Aplastic anemia following high-voltage electrical injury: A case report
Mehdi Ayaz, Dorsa Ayaz, Asma Keshavarz

TL;DR
A young man developed aplastic anemia after a high-voltage electrical injury, highlighting the rare but serious hematological risks of such injuries.
Contribution
This case report adds to the limited literature on aplastic anemia as a rare complication of high-voltage electrical injuries.
Findings
Aplastic anemia can occur following high-voltage electrical injury, even without infection or drug-induced toxicity.
Delayed onset of pancytopenia was observed, emphasizing the need for ongoing hematological monitoring.

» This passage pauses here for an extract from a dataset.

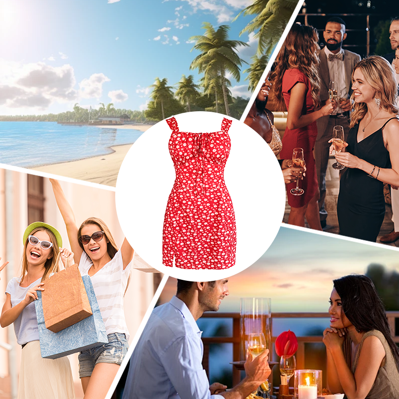 DIHAJOČA CELODNEVNA OBLAČILA - Ultra mehak poliester, odporen proti gubam, vas ohranja hladne v poletni vročini. Tkanina, ki odvaja vlago, se ne oprijema, kvadraten izrez in široke naramnice pa zagotavljajo lahkotno oporo. Ni potrebno prilagajanje - plešite, hodite ali jejte brez skrbi. Pralno v pralnem stroju za enostavno vzdrževanje.

Supportive care and medication led to gradual recovery and full remission in the patient.
Abstract
High-voltage electrical injuries (HVEI) can lead to a wide range of complications, including musculoskeletal, neurological, cardiac, and renal damage. Hematological complications are rare but have been reported, with aplastic anemia being an exceptionally uncommon consequence. To date, only two cases of aplastic anemia following HVEI have been documented. We report the case of a 21-year-old male who sustained a HVEI and developed progressive pancytopenia during hospitalization. Despite stable vital signs and initially normal lab results, his hemoglobin dropped significantly by day 17, followed by a marked decline in white blood cell and platelet counts. Bone marrow biopsy confirmed the diagnosis of aplastic anemia. The patient had no prior hematological conditions or evidence of infection, and his medications were not known to cause bone marrow suppression. He was treated with…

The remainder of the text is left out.